Back to the land

 

Four horses browse the field beside the brook.
Not so remarkable, you’d think. Except
When I was young and this was Warren’s land
No hoof was suffered here. And as I look
Around this farm, whose features once seemed set
Like sun-baked Sussex clay, I see the hand
Of Time at work, reshaping subtly
The world I knew, and thought would ever be.
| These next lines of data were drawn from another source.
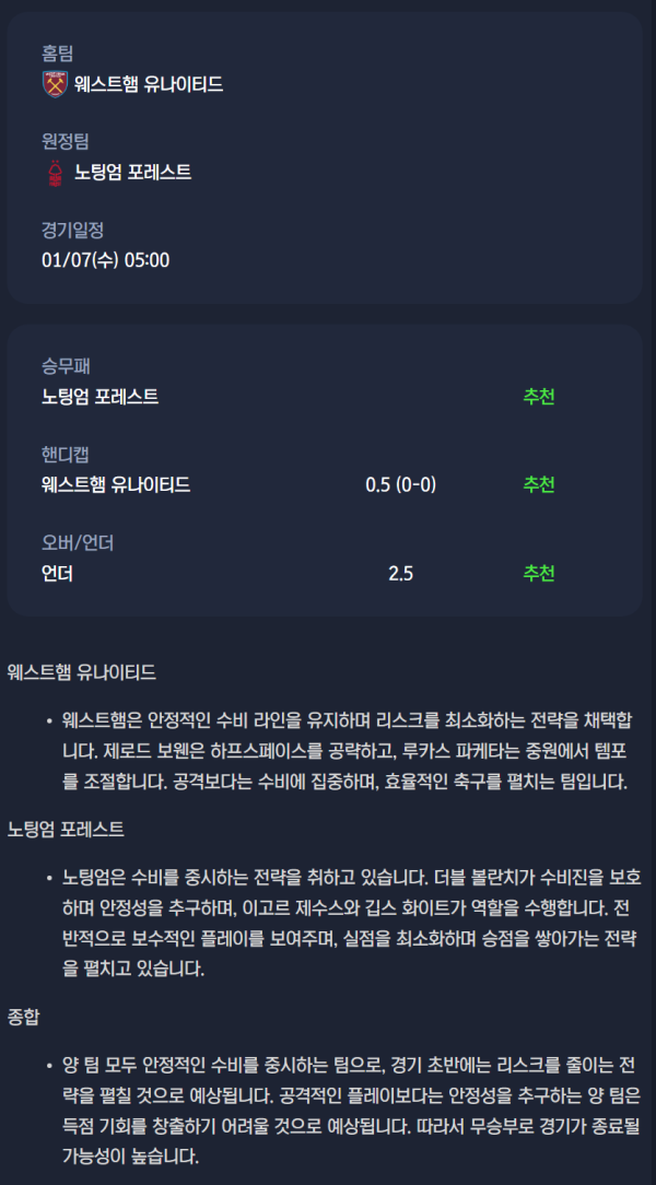 웨스트햄 유나이티드 vs 노팅엄 포레스트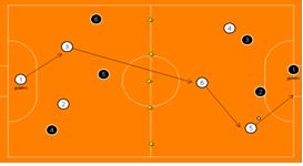 Objetivo – Flutuação, concentração, antecipação, cobertura, atenção, retorno, marcação com desvantagem numérica e concentração. Descrição – Jogo de futsal, mais a quadra é divida pela metade, em cada meia quadra dois defensores e três atacantes. Os jogadores não podem mudar de quadra, apenas a bola troca de quadra. |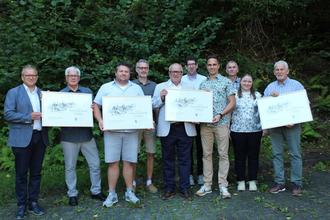 Die Sektkorken hatten bereits im Mai geknallt, nun folgte die offizielle Siegerehrung mit Urkundenübergabe: Landrat Dr. Peter Enders hat am Wochenende im Rahmen des Mehrgenerationenfestes in Selbach die erfolgreichen Ortsgemeinden des diesjährigen Wettbewerbs „Unser Dorf hat Zukunft“ (Kreisentscheid) ausgezeichnet: Dabei hatte Selbach bei der Jury - bestehend aus Oliver Weber, Elena Schäfer, Jennifer Siebert, Sabine Kämpf und Olaf Riesner-Seifert - die meisten Pluspunkte gesammelt und war auf Platz 1 gelandet, gefolgt von Ziegenhain, Katzwinkel und Fürthen.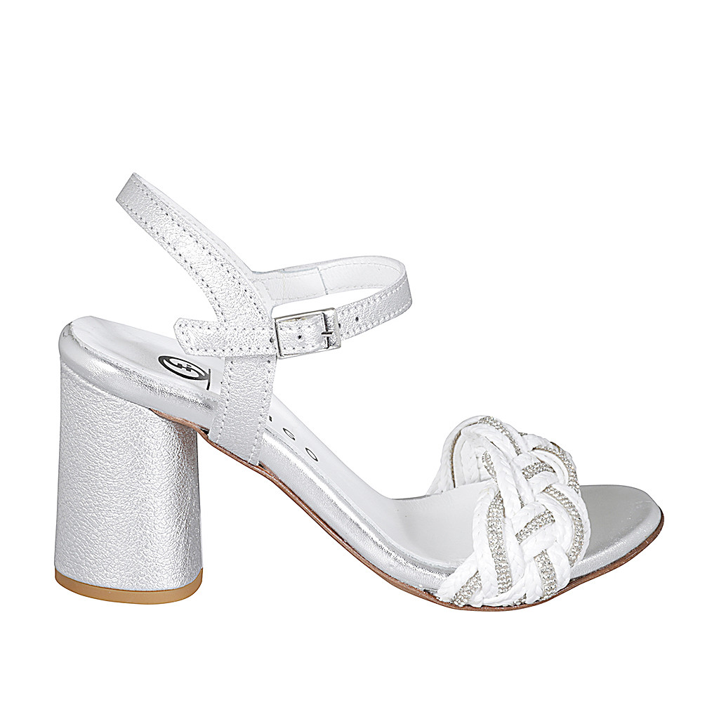 Woman's sandal in silver laminated leather and white raphia with ankle strap and rhinestones heel 7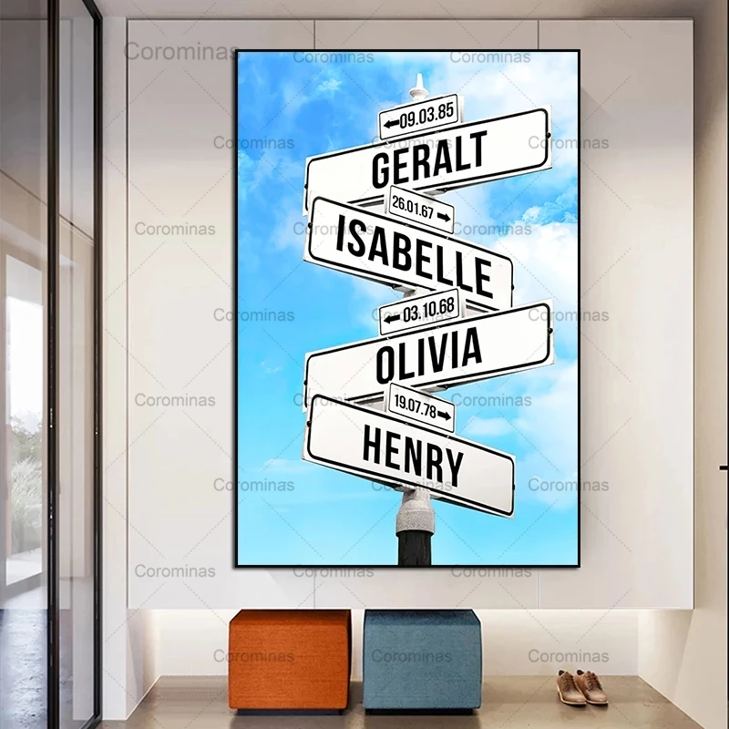 Персонализированные пересечение уличных знаков именадаты Картина на холсте настенное искусство специальный подарок для семьи уличный знак домашний декор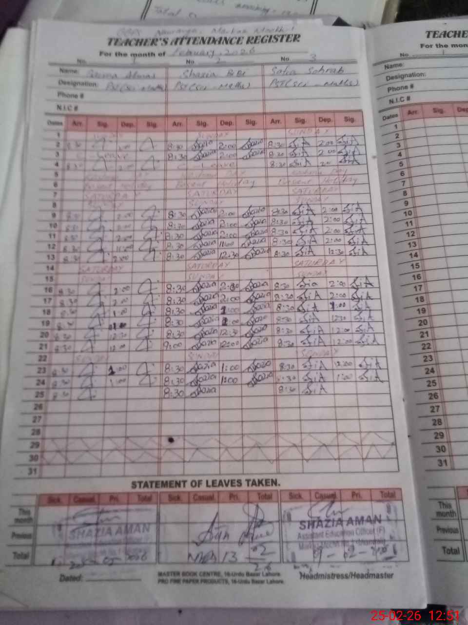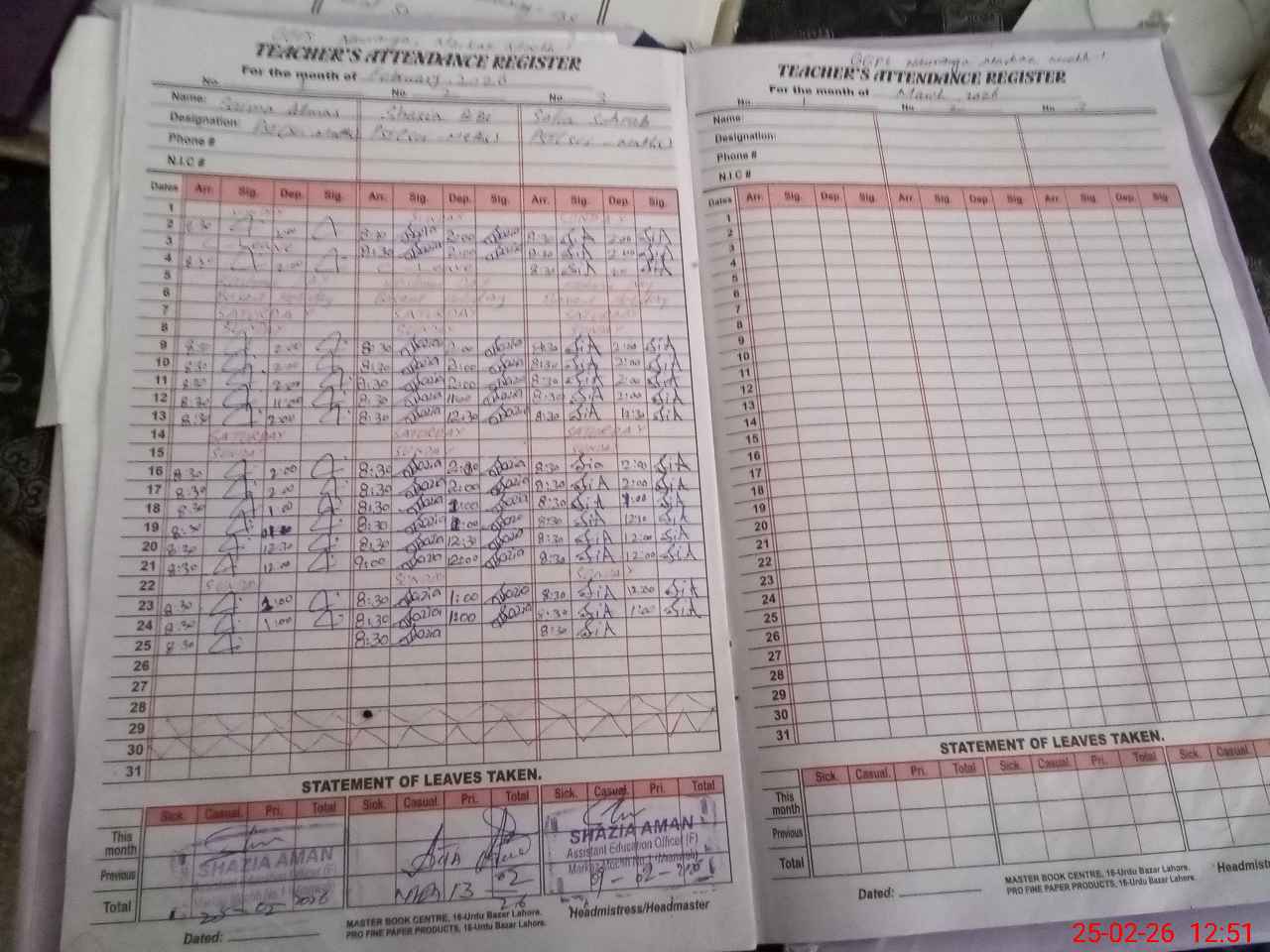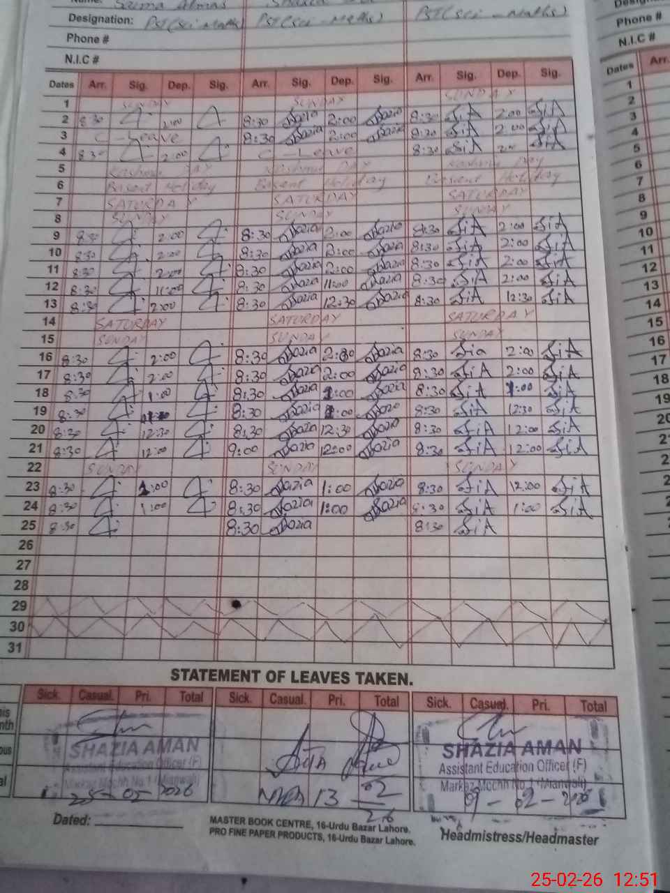 | CNIC | Full Name | Designation | R/C | Absence During Last Calender Month |
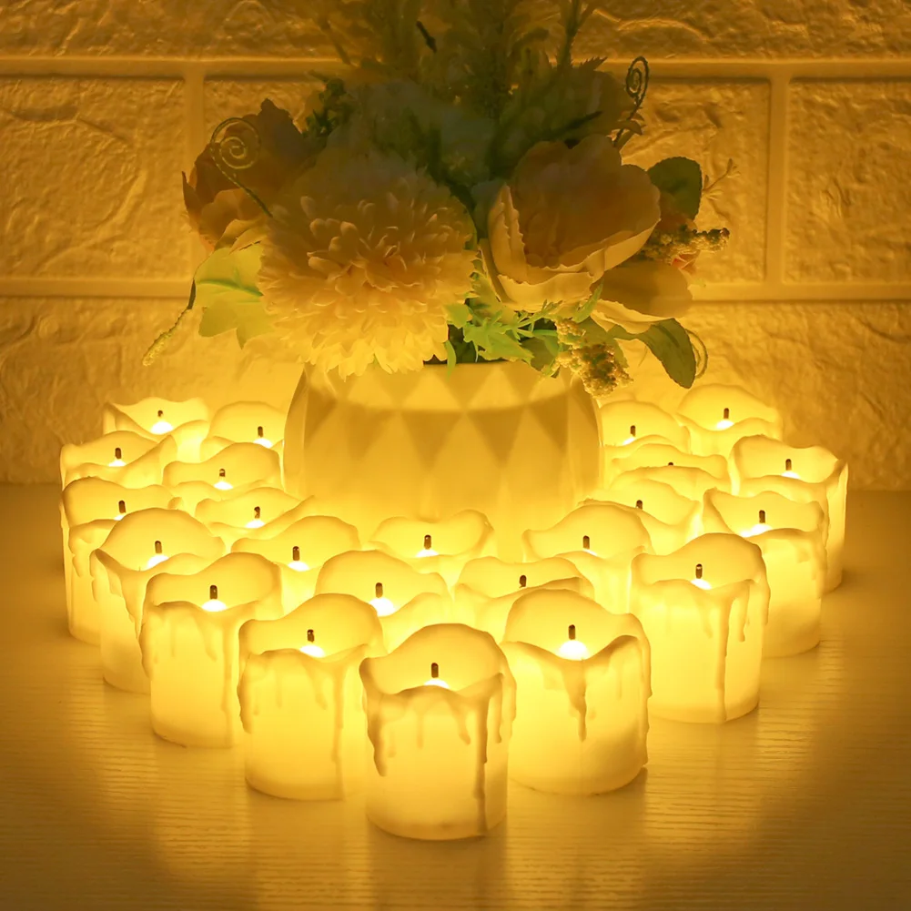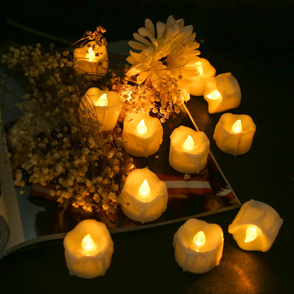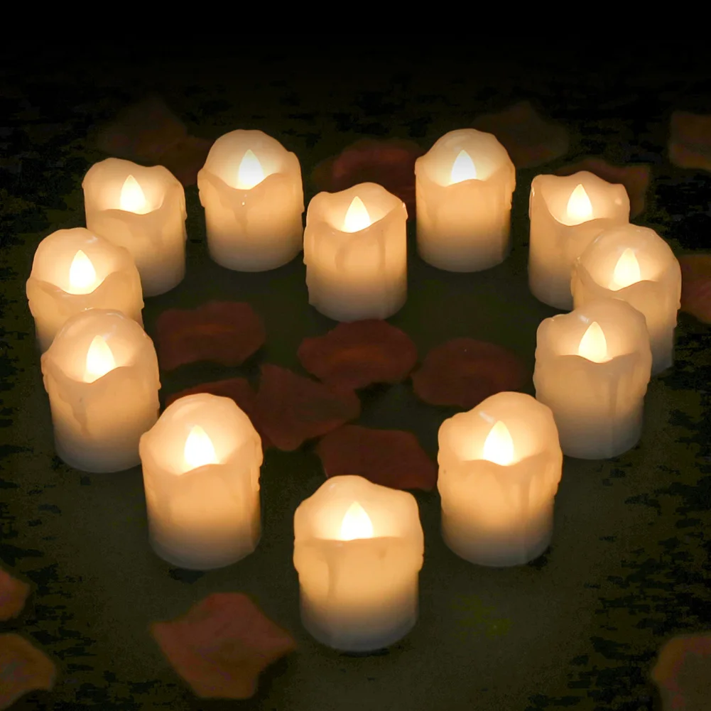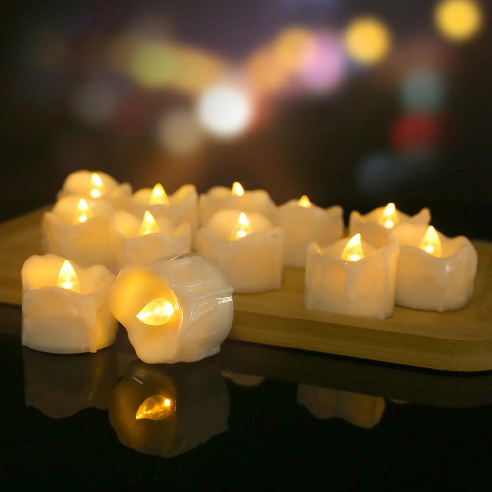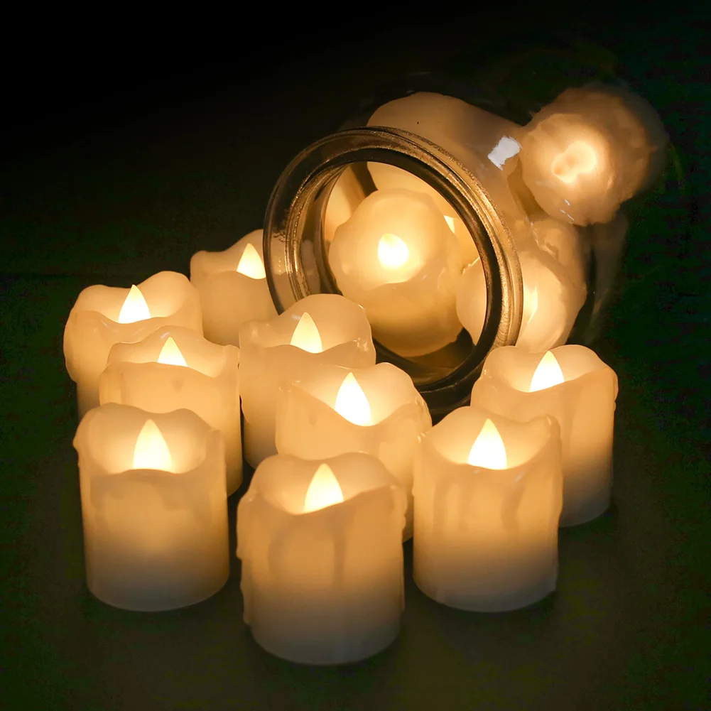 Realistic flameless LED tea lights in sets of 12 or 24, perfect for festive decor.
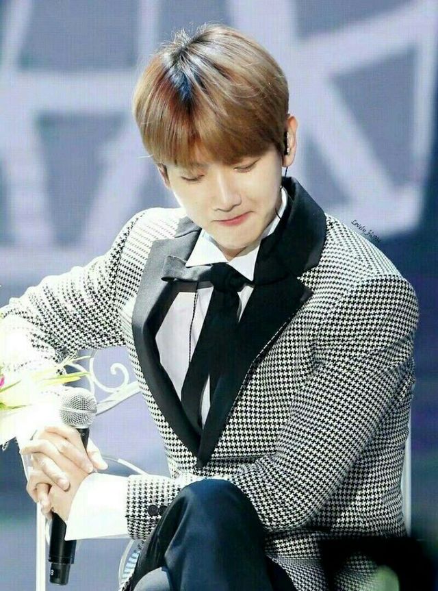 他穿上了西装、皮鞋,黑色的领带整整齐齐的打好。西装将他身材的曲线勾勒的堪称完美。边伯贤的刘海向斜梳,露出那双颜落最喜欢的眸子。

I learned the fields and footpaths, secret ways
Through woods, the course of streams, each gate and stile,
And where the first wild daffodils were seen.
I carted straw, hauled grain in holidays
And made this land my office. All the while
I wrapped myself within its folds of green
As camouflage against the life that stood
Awaiting me beyond, in adulthood.

They’ve sold the farm. No dairy herd here now:
Those horses all the livestock left. The grass
We cut and clamped for silage every spring
And hay in summer, gone and under plough.
And I left too; to study, then to pass
Long years in misplaced toil and wondering
What should I do and where did I belong
When my heart knew the answers all along.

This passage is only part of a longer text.